Figure 2. Virally mediated expression of GluRδ2 mutants with disrupted channel pores rescued abrogated cerebellar LTD in GluRδ2-null mice

A, confocal images of the virus-infected GluRδ2-null cerebellum. Infected Purkinje cells were identified using nYFP fluorescence (top). Transduced GluRδ2^wt-V/R was visualized using anti-GluRδ2 antibodies and Alexa 546-conjugated secondary antibodies (middle) and merged with the nYFP signals (bottom). Each right panel shows a magnified view. B–E, PF-EPSC amplitudes following LTD-inducing conjunctive stimulation (CJ-stim) recorded from GluRδ2-null Purkinje cells expressing empty vector (+ Vector; B), GluRδ2^wt (+ GluRδ2^wt; C), or GluRδ2^wt-V/R (+ GluRδ2^wt-V/R; D). Averaged data are shown in E. Inset traces: PF–EPSCs just before (1) and 30 min after (2) CJ-stim and their superimposition (1 + 2).

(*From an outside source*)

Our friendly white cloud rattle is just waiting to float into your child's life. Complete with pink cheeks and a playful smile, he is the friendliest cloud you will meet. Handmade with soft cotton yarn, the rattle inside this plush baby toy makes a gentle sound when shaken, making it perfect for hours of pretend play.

Figure 3. Suppression of LTD in GluRδ2-null Purkinje cells expressing GluRδ2^wt-V/R by a peptide mimicking the C-terminus of GluRδ2

A, schematic diagram of the experimental set-up. GluRδ2-null Purkinje cells transduced with GluRδ2^wt-V/R were perfused with pep-GluRδ2CT7, a peptide that matched the C-terminal 7 amino acids of GluRδ2, and pep-GluRδ2SCR, a peptide in which the sequence of pep-GluRδ2CT7 was scrambled, via a recording (Rec.) patch pipette. B and C, representative LTD data recorded from GluRδ2-null Purkinje cell expressing GluRδ2^wt-V/R perfused with pep-GluRδ2CT7 (500 μm; B) or pep-GluRδ2SCR (500 μm; C). Inset traces: PF-EPSCs recorded at times 1 and 2. D, averaged LTD data.

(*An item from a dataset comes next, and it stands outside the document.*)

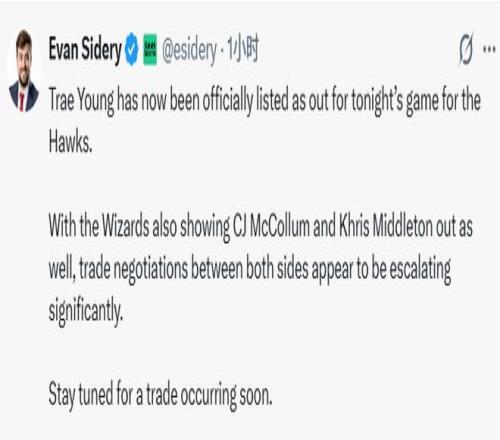 Sidery还表示,一笔交易或将很快达成。奇才的麦科勒姆和米德尔顿这两位老将均持有大额到期合同,这将有助于促成奇才与老鹰关于特雷-杨的交易谈判,使薪资匹配更具可行性。

Figure 4. Channel blockers of GluRδ2 did not hamper LTD induction in wild-type cerebellum

A, current–voltage curves recorded from HEK 293 cells expressing GluRδ2^Lc before (−) and after (+) the application of NASP (10 μm). The thin dashed trace indicates the representative current–voltage relationship of cells expressing an empty vector (taken from Fig. 1D) for comparison. B, bar graph showing the mean current density at −80 mV; *P < 0.05. C, confocal image of Bergmann glia visualized by the inclusion of Alexa 488-conjugated dextran in a patch pipette. D, AMPA-induced current responses from Bergmann glia before (thick traces; holding potential at +40 mV and −60 mV) and after (thin trace; holding potential at −60 mV) the application of 100 μm of NASP. AMPA currents were evoked by puffing (RS)-AMPA (10 mm) to the soma of Bergmann glia in the presence of cyclothiazide (50 μm). E and F, representative (E) and summarized (F) LTD data recorded from wild-type cerebellar slices in the presence of NASP (100 μm). Inset traces: PF-EPSCs recorded at times 1 and 2.